THE TASK
Leave out the pictures, and write out exactly the lines from the beginning of the material to the line holding "(서울=포커스뉴스) '화해·치유 재단'이", that line included, and nothing else.

DATA
..............................

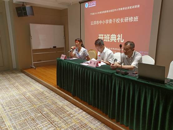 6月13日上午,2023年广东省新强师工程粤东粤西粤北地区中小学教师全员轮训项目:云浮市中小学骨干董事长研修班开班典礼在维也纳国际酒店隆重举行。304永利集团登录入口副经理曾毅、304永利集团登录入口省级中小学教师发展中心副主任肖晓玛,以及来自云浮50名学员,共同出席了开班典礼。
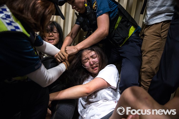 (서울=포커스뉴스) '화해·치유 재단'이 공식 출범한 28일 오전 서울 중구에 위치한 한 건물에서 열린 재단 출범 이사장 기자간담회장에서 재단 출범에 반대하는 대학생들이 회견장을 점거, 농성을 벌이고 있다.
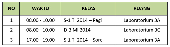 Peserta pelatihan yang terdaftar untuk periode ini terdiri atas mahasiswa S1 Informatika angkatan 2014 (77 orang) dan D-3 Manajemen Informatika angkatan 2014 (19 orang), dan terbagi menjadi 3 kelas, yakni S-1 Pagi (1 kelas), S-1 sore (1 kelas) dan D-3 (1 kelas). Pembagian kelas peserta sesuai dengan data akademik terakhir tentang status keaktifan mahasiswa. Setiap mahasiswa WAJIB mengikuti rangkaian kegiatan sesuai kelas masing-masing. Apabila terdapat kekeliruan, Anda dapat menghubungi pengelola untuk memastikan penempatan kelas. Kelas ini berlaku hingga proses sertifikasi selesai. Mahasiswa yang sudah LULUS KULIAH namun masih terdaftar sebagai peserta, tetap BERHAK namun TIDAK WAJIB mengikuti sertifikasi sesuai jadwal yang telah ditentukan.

..............................

EXERCISE RESULT
 6月13日上午,2023年广东省新强师工程粤东粤西粤北地区中小学教师全员轮训项目:云浮市中小学骨干董事长研修班开班典礼在维也纳国际酒店隆重举行。304永利集团登录入口副经理曾毅、304永利集团登录入口省级中小学教师发展中心副主任肖晓玛,以及来自云浮50名学员,共同出席了开班典礼。
 (서울=포커스뉴스) '화해·치유 재단'이 공식 출범한 28일 오전 서울 중구에 위치한 한 건물에서 열린 재단 출범 이사장 기자간담회장에서 재단 출범에 반대하는 대학생들이 회견장을 점거, 농성을 벌이고 있다.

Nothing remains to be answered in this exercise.